* [Prompt]:
With the pictures left out, write every entry down exactly.

* [Exercise data]:
=======
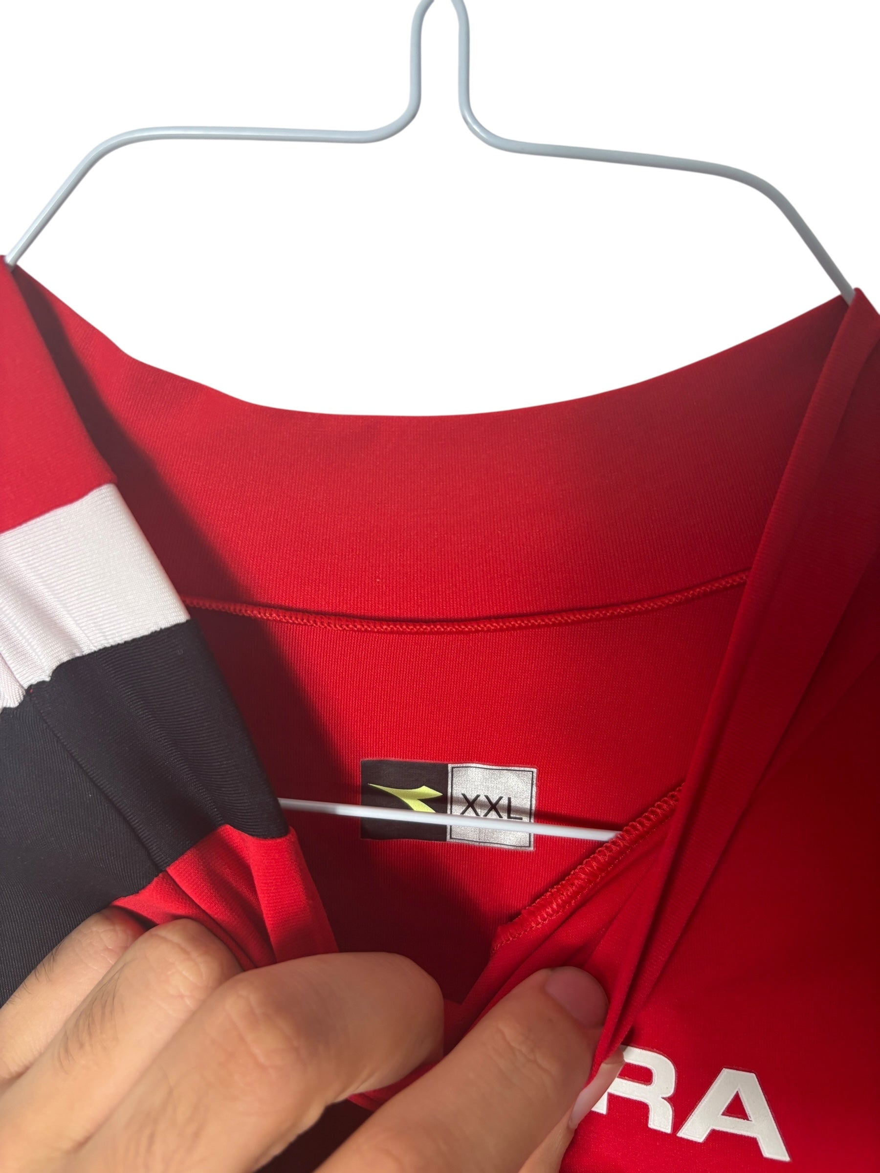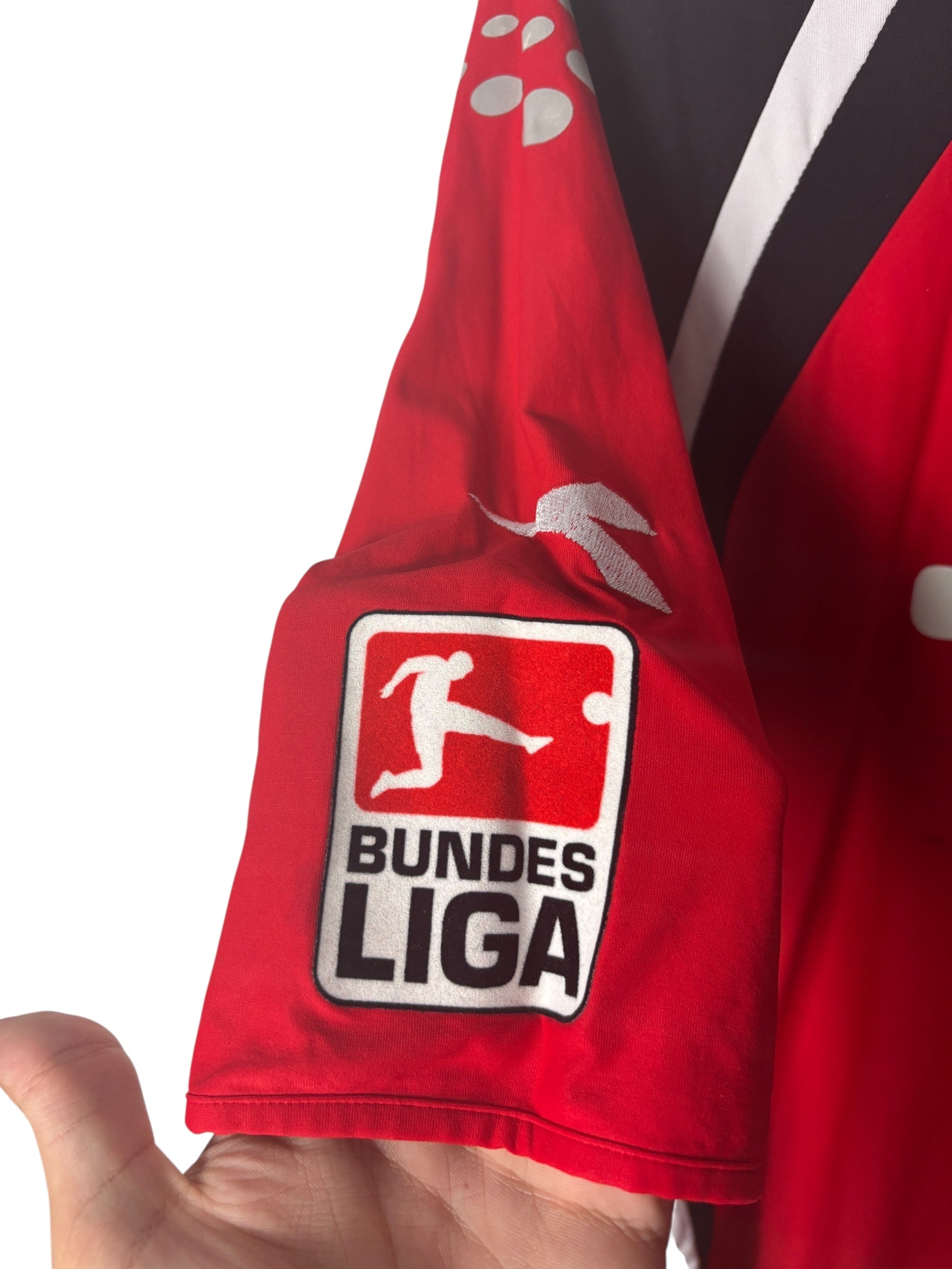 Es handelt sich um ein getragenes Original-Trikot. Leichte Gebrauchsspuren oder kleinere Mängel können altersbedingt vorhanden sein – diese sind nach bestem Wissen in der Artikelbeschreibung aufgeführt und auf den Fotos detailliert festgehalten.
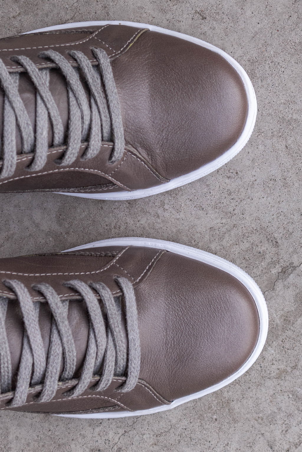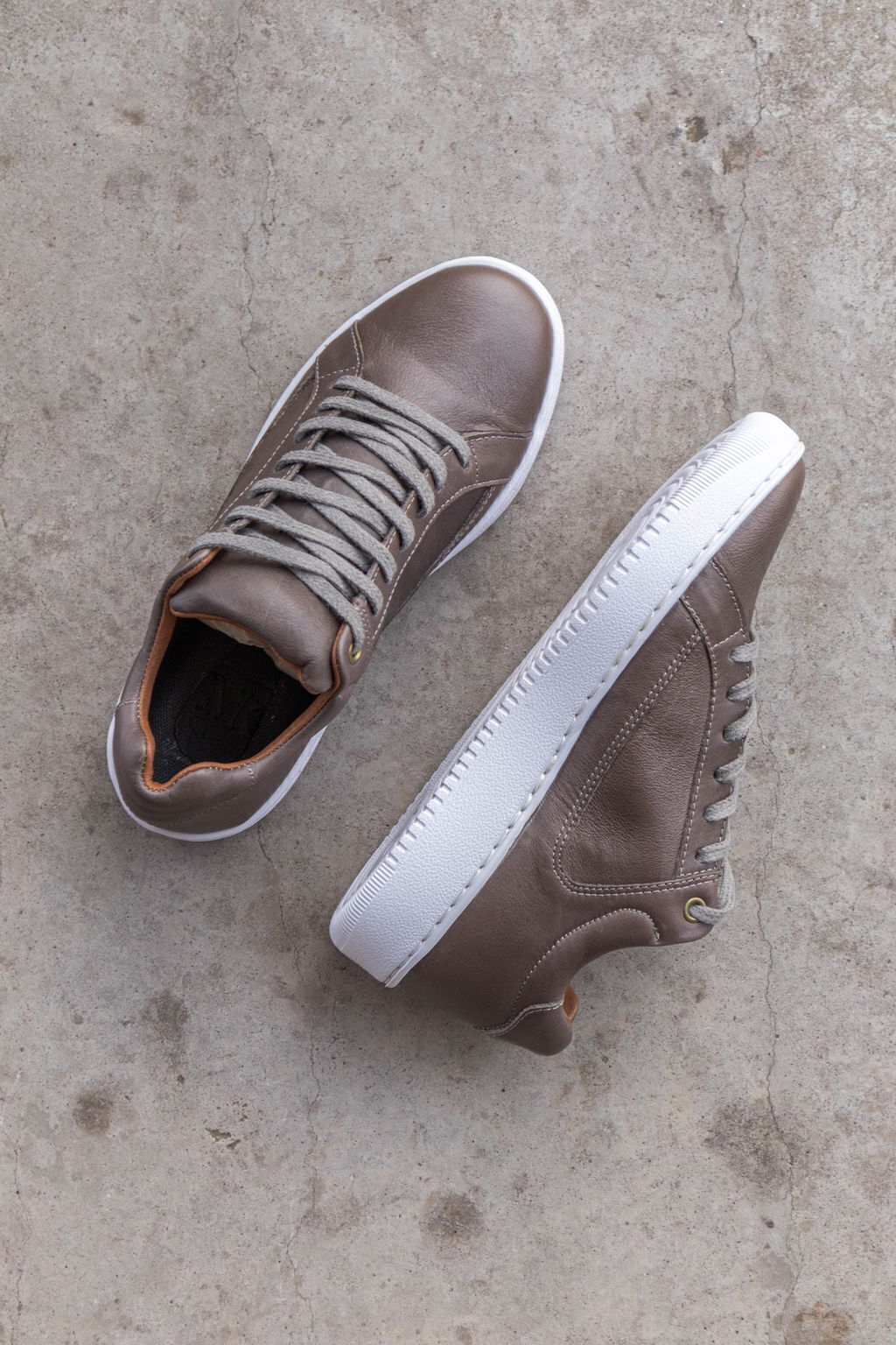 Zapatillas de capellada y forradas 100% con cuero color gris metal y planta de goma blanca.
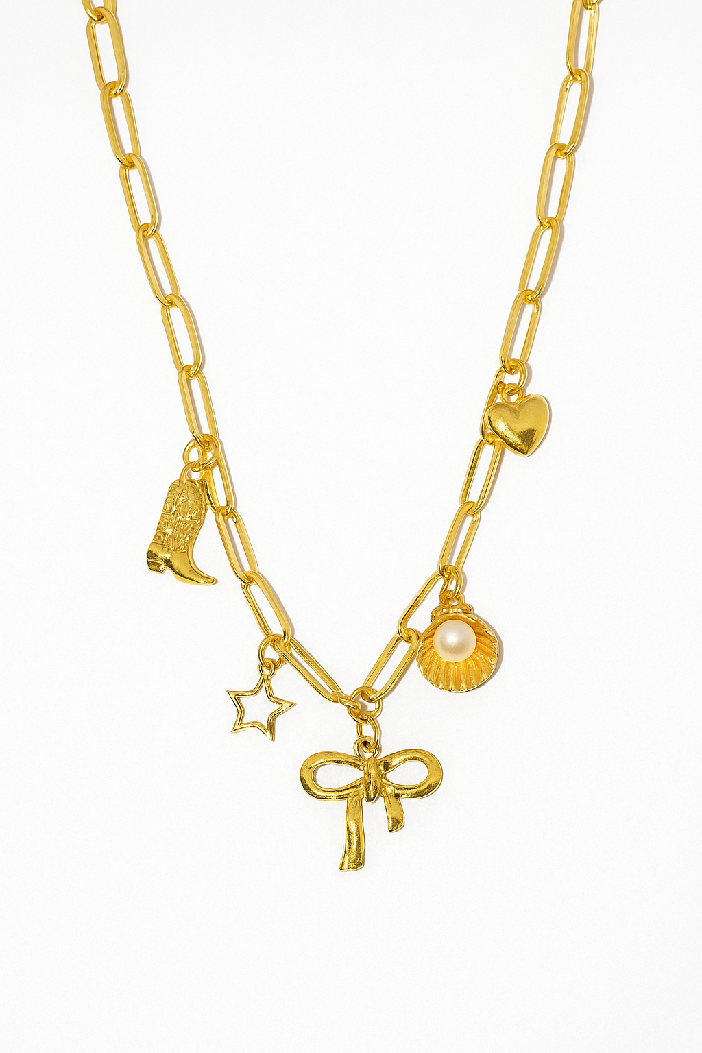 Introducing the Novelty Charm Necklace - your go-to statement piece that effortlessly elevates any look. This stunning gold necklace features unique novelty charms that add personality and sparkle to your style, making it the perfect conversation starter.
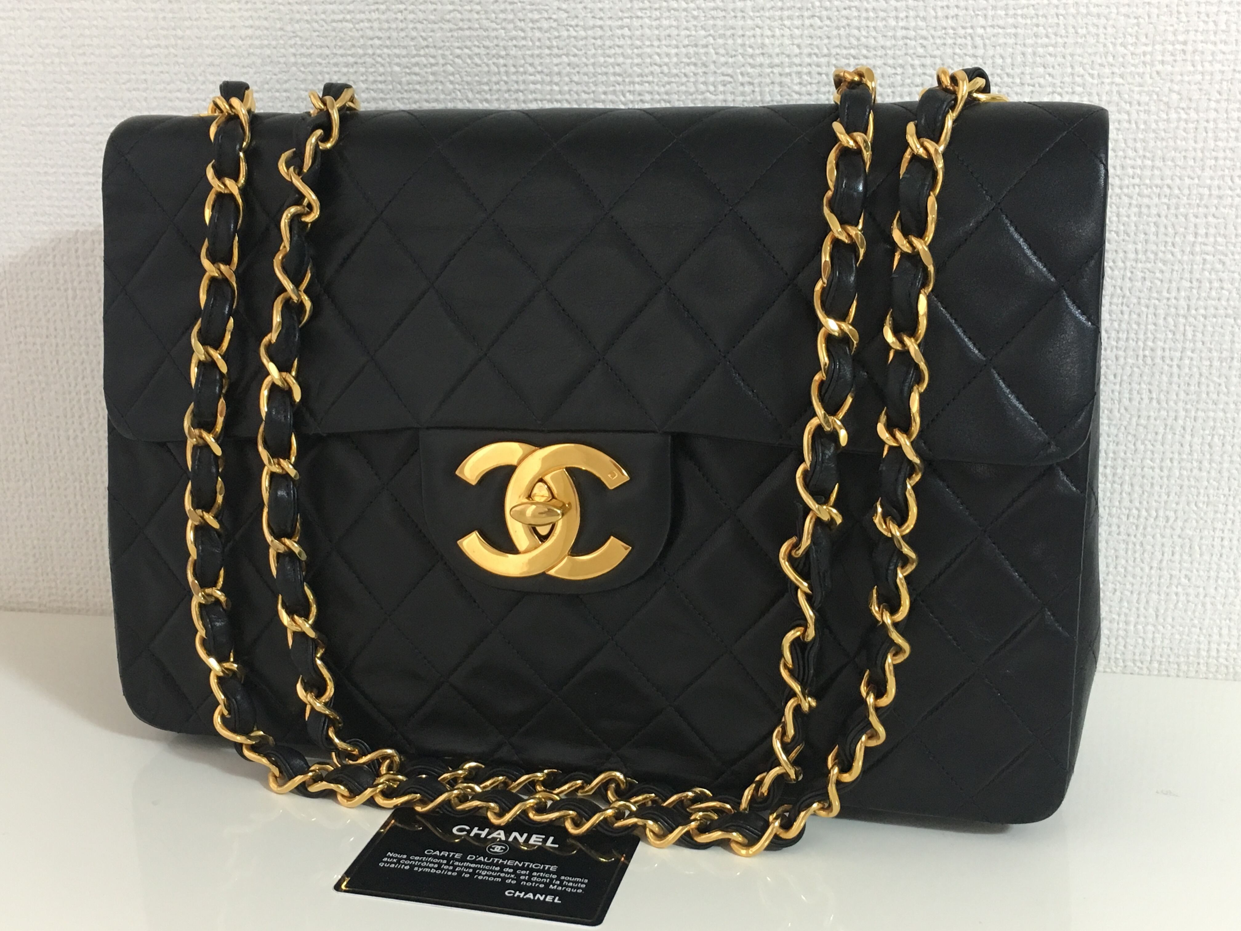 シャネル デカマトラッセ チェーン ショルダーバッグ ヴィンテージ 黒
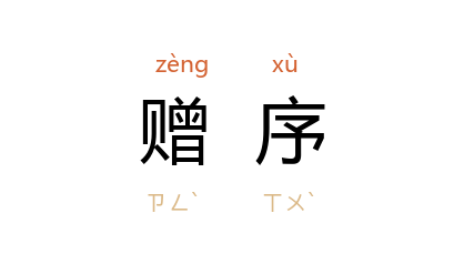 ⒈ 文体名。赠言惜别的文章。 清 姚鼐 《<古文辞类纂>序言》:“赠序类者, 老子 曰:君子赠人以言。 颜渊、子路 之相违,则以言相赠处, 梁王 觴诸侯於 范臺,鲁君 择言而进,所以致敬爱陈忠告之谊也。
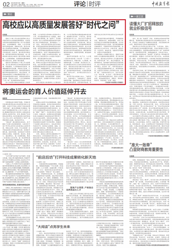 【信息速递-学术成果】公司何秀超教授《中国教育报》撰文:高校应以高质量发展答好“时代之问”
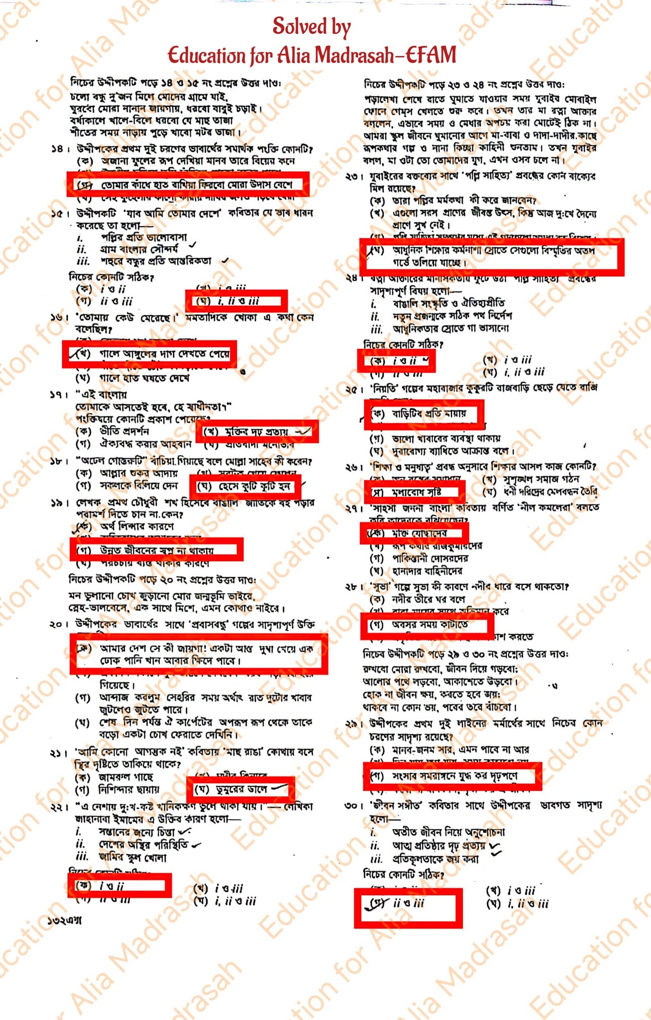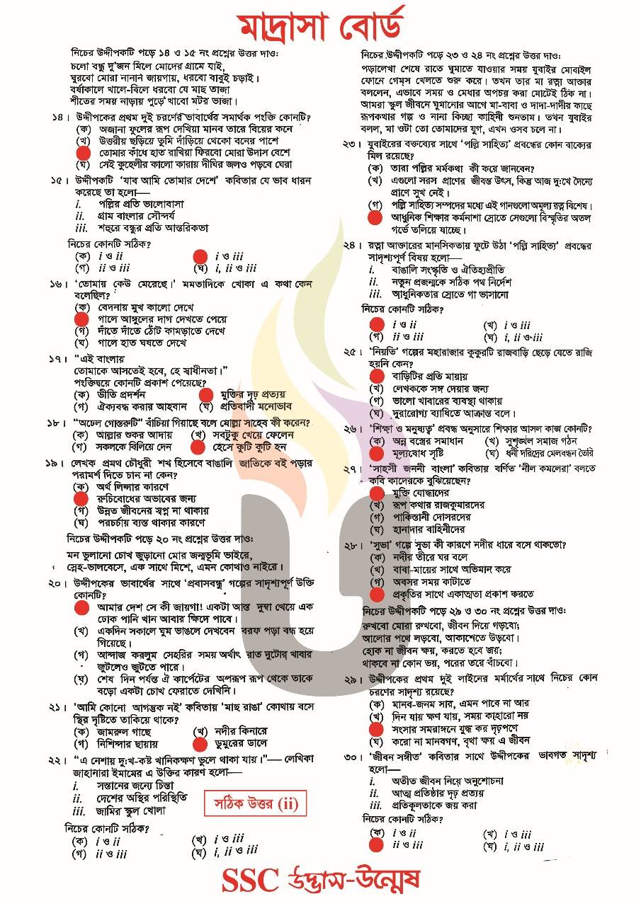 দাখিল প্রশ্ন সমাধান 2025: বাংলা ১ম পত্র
=======
* [Answer to the exercise]:
 Es handelt sich um ein getragenes Original-Trikot. Leichte Gebrauchsspuren oder kleinere Mängel können altersbedingt vorhanden sein – diese sind nach bestem Wissen in der Artikelbeschreibung aufgeführt und auf den Fotos detailliert festgehalten.
 Zapatillas de capellada y forradas 100% con cuero color gris metal y planta de goma blanca.
 Introducing the Novelty Charm Necklace - your go-to statement piece that effortlessly elevates any look. This stunning gold necklace features unique novelty charms that add personality and sparkle to your style, making it the perfect conversation starter.
 シャネル デカマトラッセ チェーン ショルダーバッグ ヴィンテージ 黒
 ⒈ 文体名。赠言惜别的文章。 清 姚鼐 《<古文辞类纂>序言》:“赠序类者, 老子 曰:君子赠人以言。 颜渊、子路 之相违,则以言相赠处, 梁王 觴诸侯於 范臺,鲁君 择言而进,所以致敬爱陈忠告之谊也。
 【信息速递-学术成果】公司何秀超教授《中国教育报》撰文:高校应以高质量发展答好“时代之问”
 দাখিল প্রশ্ন সমাধান 2025: বাংলা ১ম পত্র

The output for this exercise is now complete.